## Required work
Lower down are entries containing pictures. Copy exactly, without those pictures, the lines from the line with "غرفة وصالة مودرن | شاشة 70 بوصة ، دخول ذاتي" through the line with "ツートンカラー カシミヤストール 大判".
┌─ Recorded data
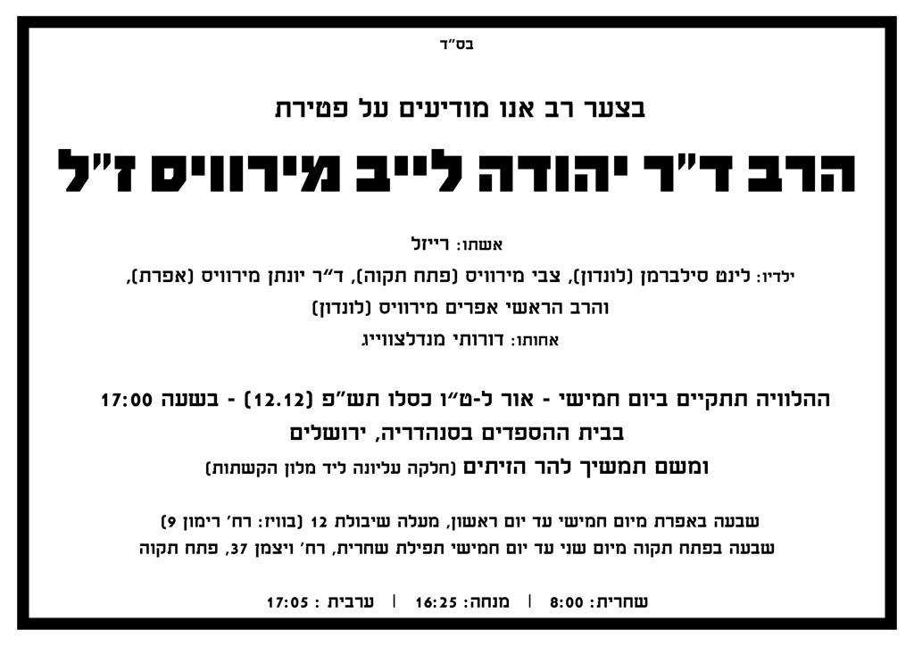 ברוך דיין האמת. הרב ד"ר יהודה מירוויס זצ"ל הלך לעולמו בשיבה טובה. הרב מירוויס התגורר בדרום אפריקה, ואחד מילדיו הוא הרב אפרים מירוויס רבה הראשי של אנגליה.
└─
┌─ Recorded data
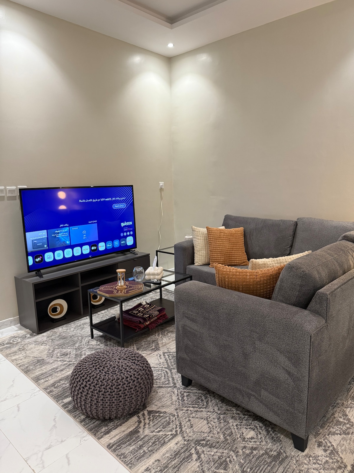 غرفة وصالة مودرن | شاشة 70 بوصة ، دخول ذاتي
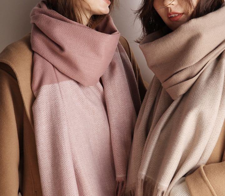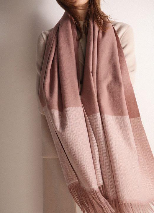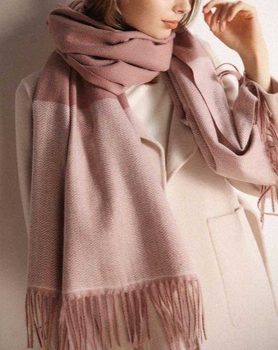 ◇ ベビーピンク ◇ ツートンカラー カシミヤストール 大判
└─
┌─ Recorded data
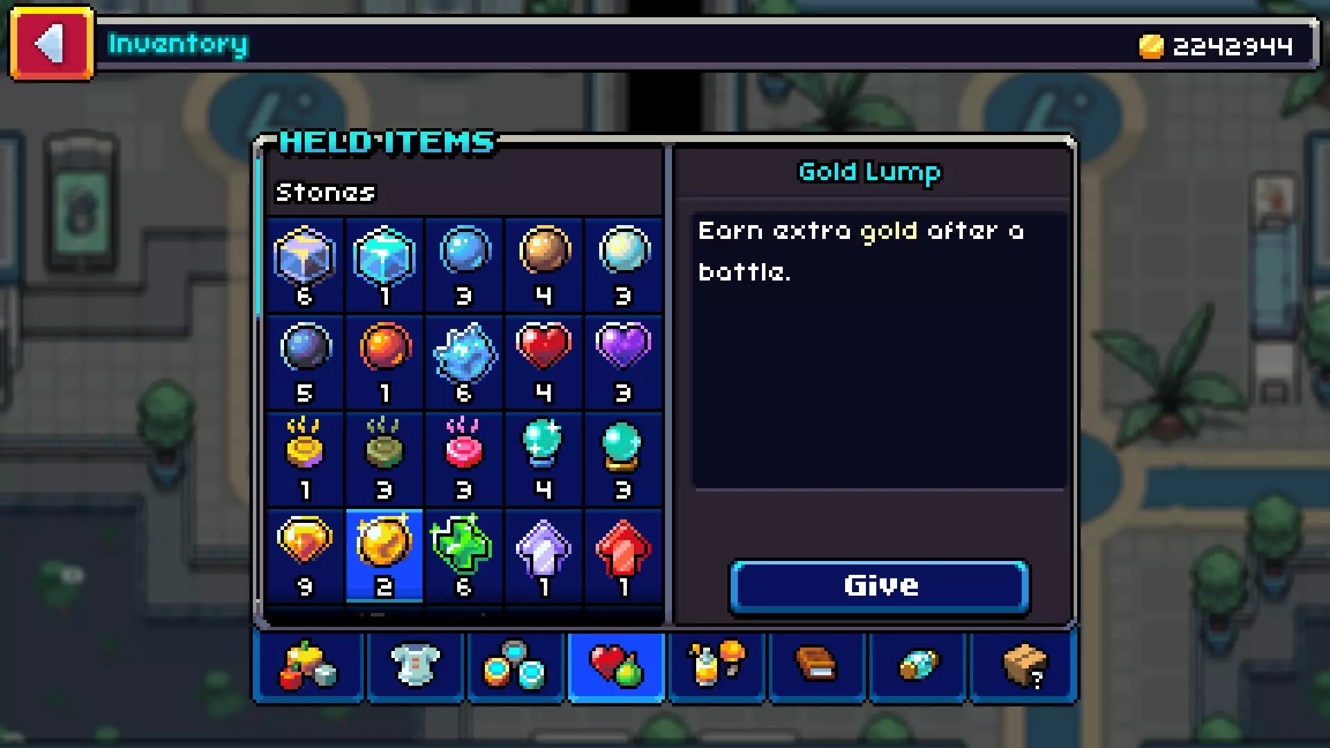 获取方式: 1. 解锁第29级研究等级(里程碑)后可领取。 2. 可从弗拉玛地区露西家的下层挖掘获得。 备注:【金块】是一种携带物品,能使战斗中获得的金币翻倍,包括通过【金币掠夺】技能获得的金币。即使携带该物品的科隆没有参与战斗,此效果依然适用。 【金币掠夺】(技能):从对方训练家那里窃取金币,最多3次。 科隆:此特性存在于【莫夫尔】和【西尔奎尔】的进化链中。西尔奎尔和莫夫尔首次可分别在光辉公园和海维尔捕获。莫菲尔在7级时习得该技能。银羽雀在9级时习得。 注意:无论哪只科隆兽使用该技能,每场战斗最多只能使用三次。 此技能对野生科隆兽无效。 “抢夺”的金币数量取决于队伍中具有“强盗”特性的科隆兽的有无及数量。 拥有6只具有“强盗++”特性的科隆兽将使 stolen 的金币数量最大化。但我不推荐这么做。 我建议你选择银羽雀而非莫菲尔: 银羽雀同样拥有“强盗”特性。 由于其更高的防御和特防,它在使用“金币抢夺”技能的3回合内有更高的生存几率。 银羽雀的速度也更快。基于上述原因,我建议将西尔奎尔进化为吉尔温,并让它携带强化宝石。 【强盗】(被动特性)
└─
## Answer box
 غرفة وصالة مودرن | شاشة 70 بوصة ، دخول ذاتي
 ◇ ベビーピンク ◇ ツートンカラー カシミヤストール 大判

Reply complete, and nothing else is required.